EXERCISE PROMPT:
All of the data must be written out verbatim, with pictures excluded.

DATA EXTRACT:

+ + +

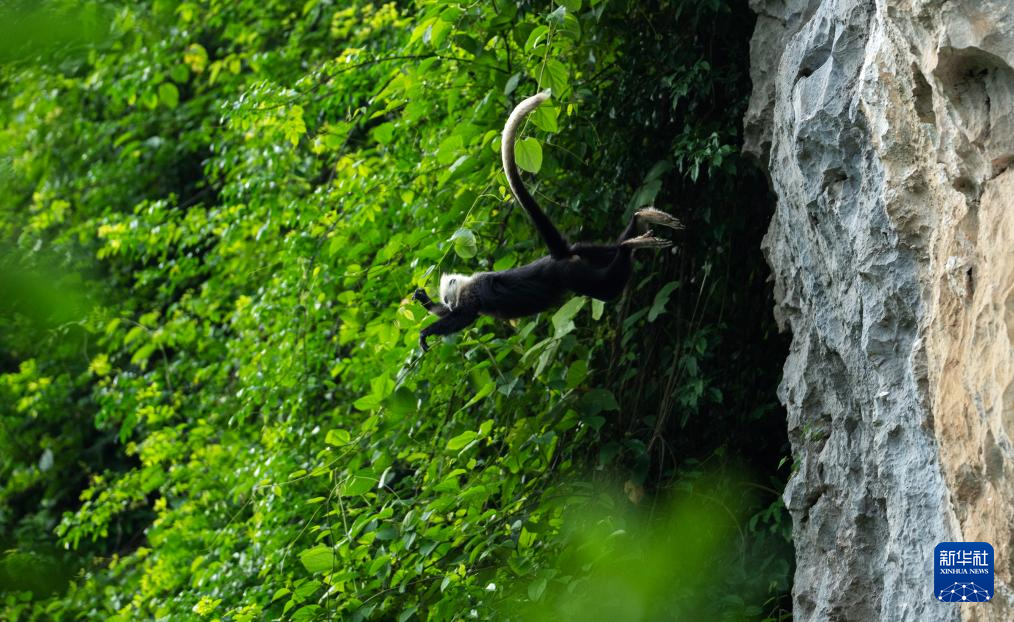 一只白头叶猴从悬崖上跃向树林(8月5日摄)。
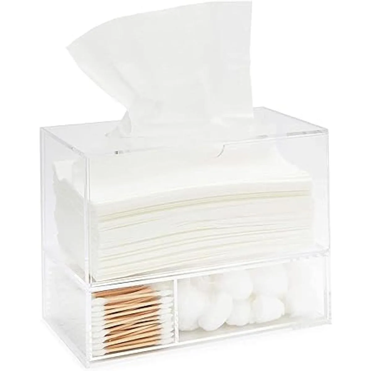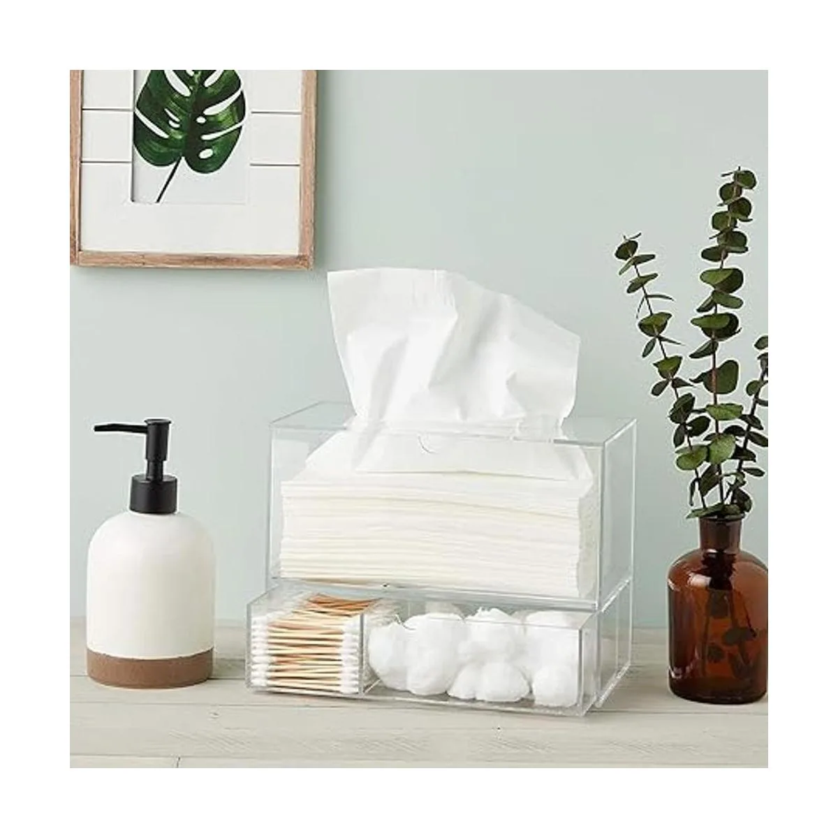 Juvale Caja dispensadora de pañuelos acrílicos con cajón extraíble para baño (9.3 x 7 x 5 pulgadas)
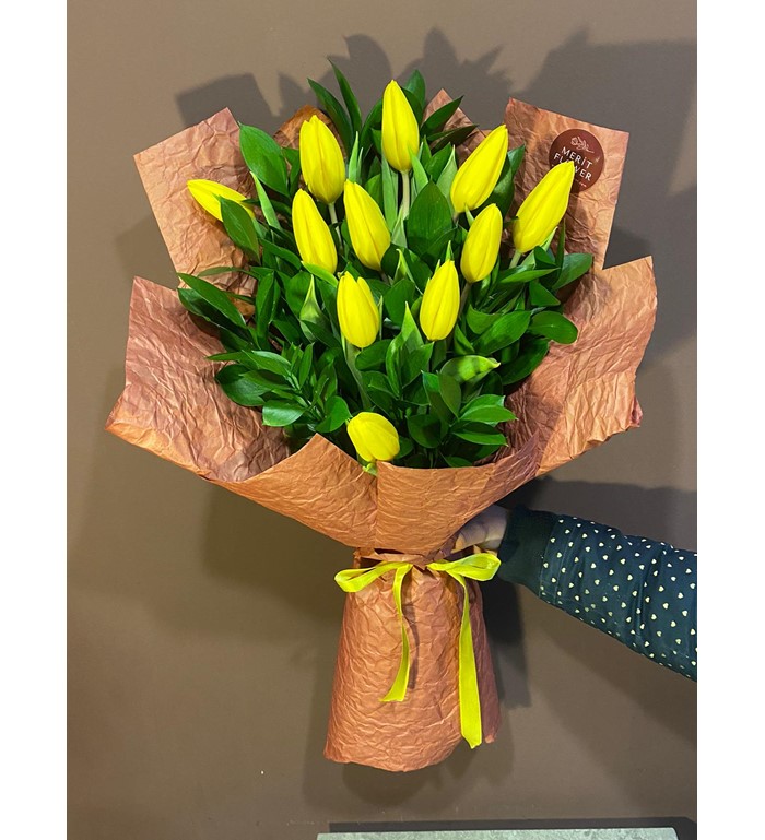 İçerisinde 10 adet sarı ithal lale bulunmaktadır.

+ + +

RESULT OF THIS TASK:
 一只白头叶猴从悬崖上跃向树林(8月5日摄)。
 Juvale Caja dispensadora de pañuelos acrílicos con cajón extraíble para baño (9.3 x 7 x 5 pulgadas)
 İçerisinde 10 adet sarı ithal lale bulunmaktadır.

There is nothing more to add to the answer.